When I began my nursing career I remember physician’s offices still had the autoclave to disinfect syringes and instruments. Hospital were still using glass IV bottles that were recycled. Suddenly everything became prepackaged because you could charge so much more money for it. I worked with Quality Assurance for a few weeks and we made recommendations for cost cutting for the hospital. RNs and MDs didn’t use half of the things that were put in packages. A catheter kit had so much extra stuff that was waste but cost the patient. I think that information went right into the trash. Now a patient watches most everything used on them thrown away afterwards. Remember glass thermometers in alcohol? (I am a dinosaur.)

There is a terrible cost to all this, of course. No one asked nature. Man is a greedy creature that looks to his own convenience and time. Things are changing for the better but have we waited too late? Jimmy Cater was the 1st President that I remember mentioning environmental concerns (a peanut farmer). Curiously, he gave Rachel Carson a Presidential Medal of Freedom posthumously.
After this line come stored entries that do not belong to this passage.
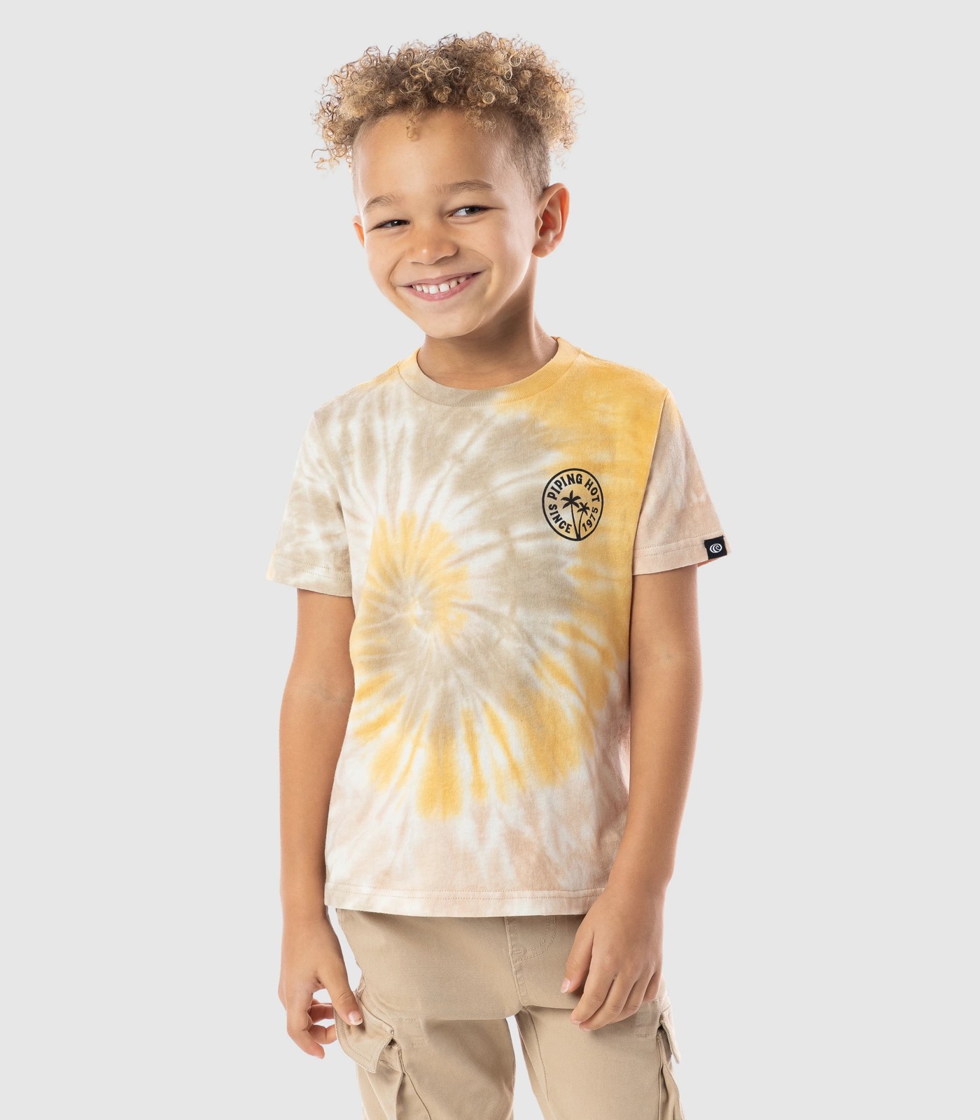 Introducing our vibrant Piping Hot tie dye t-shirt designed for beach loving boys who enjoy outdoor and indoor play. This stylish t-shirt comes in sunwashed tones that add a touch of uniqueness to your child's wardrobe. Made from high-quality cotton, it offers ultimate comfort and breathability. Get ready to make a fashion statement this season with our Piping Hot tie dye t-shirt.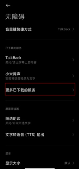 在无障碍页面中点击更多已下载的服务按钮;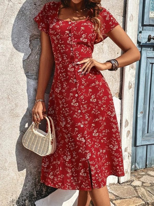Sleeve Length:Short Sleeve Edition type:Regular Fit Dress Length:Midi Accessories:No Sleeve Type:Ruffled Sleeves Waistlines:Natural Elasticity:Micro-Elasticity Silhouette:X-Line Dress type:Others Thickness:Regular Size Type:Regular Size Activity:Daily,Vacation Neckline:Square neck Material:Polyester Pattern:Floral Theme:Summer Style:Elegant Color:Green,Blue,Red Size:S,M,L,XL,XXL Fabric:Polyester95%; Spandex5% Cuff:XS:61.5,S:62.5,M:63.5,L:65,XL:66.5,XXL:68,3XL:69.5,4XL:71,5XL:72.5 Size Sleeve Length Hem Width Shoulder Length Bust cm inch cm inch cm inch cm inch cm inch S 15.5 6.1…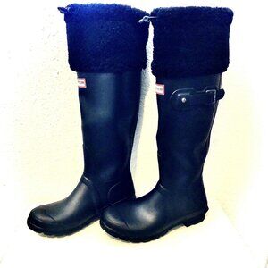 NWT HUNTER Orig Tall Wellie Winter Rain Boot Sheep Shearling Cuff 6 MSRP $295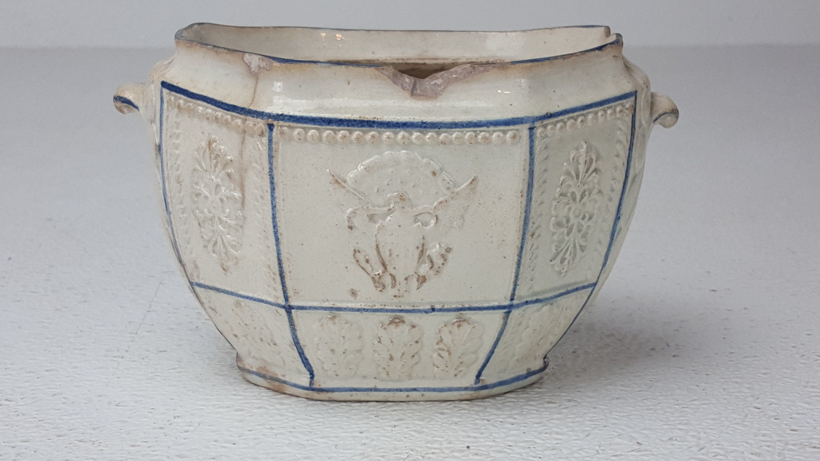 Antique Relief Molded Pearlware Sugar Bowl Eagle Blue Paint

She certainly deserved it.

Our Weeping Planet

I began, a trickle of clear water.
Sneaking into crevices,
sparkling tiny bubbles, sustenance for plants.
Life affirming hope, nature's glorious dance.

A luminous stream under the sun,
grows longer, wider in girth.
Molding life, giving birth,
becoming part of an evolving earth.

A swimming hole for children,
laughing, searching for treasures.
Moonlight lovers find enchantment.
All vital parts of a wondrous planet.

Wait! What is this change?
Has nature become mans’ merciless game?
My riverbed, now covered by discarded trash.
Is my legacy to become history's sad past?